Three months after our investigation into Richmond's Department of Social Services delays, which held up benefits many people need to survive, it seems citizens are still having problems. A Richmond woman called NBC12 desperate after she says she can't get anyone at DSS to call her back and get her kids Medicaid.
Jessica Fluhart had been trying to deal with Richmond's Department of Social Services directly.

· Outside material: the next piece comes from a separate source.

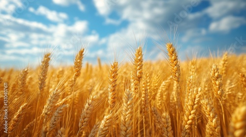 Fototapeta premium Golden wheat sways gently under a bright summer sky

She'd been calling them for months since filling out her kids' Medicaid applications.
“My prescriptions for my insurance are like $10, $15, $30, and I don't have that kind of money,” she said.

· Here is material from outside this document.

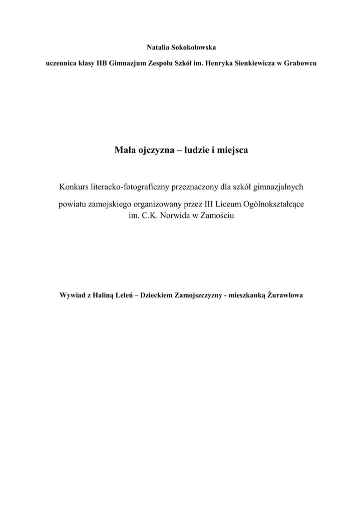 Natalia Sokokołowska uczennica klasy IIB Gimnazjum Zespołu Szkół im. Henryka Sienkiewicza w Grabowcu Mała ojczyzna – ludzie i miejsca Konkurs literacko-fotograficzny przeznaczony dla szkół gimnazjalnych powiatu zamojskiego organizowany przez III Liceum Ogólnokształcące im. C.K. Norwida w Zamościu Wywiad z Haliną Leleń – Dzieckiem Zamojszczyzny - mieszkanką Żurawlowa Pamięci tych, których już nie ma. N.S: Dzień dobry ciociu, dziękuję ci bardzo, że chciałaś się ze mną spotkać. Zdaję sobie sprawę z tego, że niektóre pytania mogą przywołać bolesne wspomnienia. Ale chciałabym poznać historię mojej rodziny, więc zacznijmy. Czy mogłabyś mi opowiedzieć o swoim dzieciństwie i latach szkolnych? H.L.: Szkoła do której uczęszczałam miała dwie klasy łączone; to znaczy, że gdy jedna miała czytanie, to druga ciche pisanie. W jednej małej salce siedzieliśmy wszyscy. Przedmiotów było cztery: język polski, matematyka, śpiew i wychowanie fizyczne. N.S: A Twój ulubiony przedmiot ? H.L: Byłam dzieckiem dosyć ruchliwym, więc lubiłam wychowanie fizyczne i śpiew. N.S: A dalej, jak wyglądała nauka w tej szkole? H.L: Nauczyciela mieliśmy tylko jednego aż do końca klasy szóstej. Klasa siódma rozpoczynała się w Grabowcu i tam już każdy przedmiot miał swojego wykładowcę. N.S: A nauczyciele, którego z nich wspominasz najmilej i najserdeczniej? H.L: Kierownikiem szkoły - bo tak kiedyś mówiono na dyrektora - był Pan Rybicki; człowiek wielkiego serca i naprawdę wspaniały wyrozumiały nauczyciel. Gdy teraz nawet po latach o nim mówię, jest mi ciepło na sercu. N.S: Na pewno miałaś przyjaciół, a czy któraś z przyjaźni przetrwała próbę czasu? H.L: To może wydać się niesamowite, ale moim przyjacielem, a potem wielką miłością był mój mąż. N.S: Jak to? H.L: Tak, to były piękne czasy. Gdy ja miałam trzy latka, on miał sześć i opiekował się mną jak starszy brat młodszą siostrą. Później na potańcówkach odgrywał rolę ojca, troskliwego opiekuna. Spędziliśmy razem bardzo dużo czasu. Sama nawet nie wiem, kiedy ta przyjaźń przerodziła się w wielką miłość. W wieku 21 lat zostałam jego żoną i przez 42 lata byliśmy małżeństwem. N.S: Może teraz kilka słów o rodzinie? H.L: Było nas troje - siostra i brat – to moje młodsze rodzeństwo. Rodzice zajmowali się pracą na roli i byli bardzo szczęśliwym małżeństwem, które przeżyło wspólnie 55 lat. Tatuś zmarł wcześniej, mamusia - będąc wdową - żyła jeszcze 15 lat. Jak już wspomniałam w wieku 21 lat wyszłam za mąż i urodziłam dwójkę dzieci: córkę Jolantę i syna Mariana, z których jestem naprawdę dumna. N.S: Teraz wróćmy jeszcze do odległej przeszłości, do trudniejszych i bolesnych wspomnień. Jak wspominasz czas wysiedlenia? Nagle na twarzy dotychczas uśmiechniętej starszej kobiety cieszącej się życiem ujrzałam ból i smutek . Pomyślałam, może to niepotrzebne, może już skończę tę rozmowę, ale po chwili podniosła wysoko głowę i z drżeniem głosu zaczęła opowiadać .... H.L: Był wczesny ranek 12 lutego 1943 roku, miałam wtedy 10 lat . Jak codziennie rano wybierałam się do szkoły, gdy nagle wszedł do kuchni SS-man z karabinem na ramieniu. Mówił coś po niemiecku, pokazywał coś na migi rękoma. Nie wiedziałam, co się dzieje, gdyż nic nie zrozumiałam z jego wypowiedzi. Po chwili wyszedł, a rodzice powiedzieli, żebyśmy się ubrali, bo za pół godziny wychodzimy, a jeżeli go nie posłuchamy, to nas zabije. Naprawdę niewiele można było spakować w ciągu tak krótkiego czasu. Tatuś przed opuszczeniem domu miał w majdołeczku chleb, trochę ubrań, a dla mojego młodszego brata, który miał półtora roku, pieluszki. Zaskoczyło mnie to i do dzisiaj jestem mu wdzięczna za to, że wziął rodzinną fotografię, gdyż teraz po latach jest to moja najcenniejsza rodzinna pamiątka. Niemiec - ten z karabinem - zaprowadził nas na środek wsi pod krzyż, gdzie byli już zebrani inni mieszkańcy Żurawlowa. Kazali zaprzęgać konie do wozów i my na tych wozach w ten mroźny lutowy dzień jechaliśmy w kierunku Zamościa. Za nami „podróżowali” mieszkańcy Szczelatyna i Skomoroch. Dotarliśmy do Miączyna, gdy nagle jeden z mężczyzn z naszej wioski - Marian Skóra zeskoczył z wozu i biegł poboczem, a z pobocza nagle skoczył w rów. Wówczas rozległ się straszliwy huk. Na moich oczach został zabity - zastrzelony z zimną krwią. Zobaczyłam po raz pierwszy śmierć, wtedy zrozumiałam, że zaczyna się coś tragicznego w moim życiu. Do Zamościa dotarliśmy już pod wieczór. Wszystkich nas zapędzono do baraku numer pięć. Zamknięto drzwi, zgaszono światło. Słychać było przeraźliwy płacz dzieci. Było tam tak ciasno, że nie mogliśmy się nawet położyć. Rano przeprowadzono nas rodzinami do następnego baraku tzw. rozdzielnika. Tam oddzielono starców, dzieci do lat czternastu i matki z małymi dziećmi. Osadzono nas w baraku nr 10. Panował tam straszliwy tłok, prycze zapełnione były przez osoby wcześniej przywiezione. Dla nas została zimna podłoga. Dzieci, które były wysiedlone wcześniej, były wystraszone, bardzo mizerne i słabe. Nie widziałam nigdy tylu tak wychudzonych i przerażonych dzieci. One umierały masowo jedno po drugim, a matki płacząc, wynosiły je na rękach do trupiarni... N.S: Nagle jej głos urwał się, a po policzkach popłynęły łzy, zakrywając się rękoma, dyskretnie obtarła je. Wówczas spytałam... Ciociu może skończymy tę opowieść? - a ona odpowiedziała: H.L: Nie dziecko, już jest dobrze, ale to nadal tak bardzo boli. N.S: Moje oczy też napełniły się łzami, miałam ochotę przytulić się do swojej kuzynki, ale co można powiedzieć, jak ukoić te bolesne wspomnienia. Nie byłam pewna czy kontynuować tę rozmowę. Cierpliwie czekałam, po chwili gdy już się uspokoiła, zaczęła opowiadać dale

Fluhart's three daughters and step-daughter, who have allergies and eye issues, need health insurance.
“She needs an epi-pen for school,” Fluhart said. “If she can't have the epi-pen for school, the school's willing to not let her go.”
She filled out the application to have Medicaid for her 3-, 6- and 8-year-olds renewed and to start coverage for her 9-year-old step-daughter on September 25.
“Called back a couple weeks later and they're like ‘oh well you have 30 days to get this taken care of. We'll let you know in 30 days,'” Fluhart recalled. “Ok, I waited 30 days and called back, no return call. Called back again, no return call.”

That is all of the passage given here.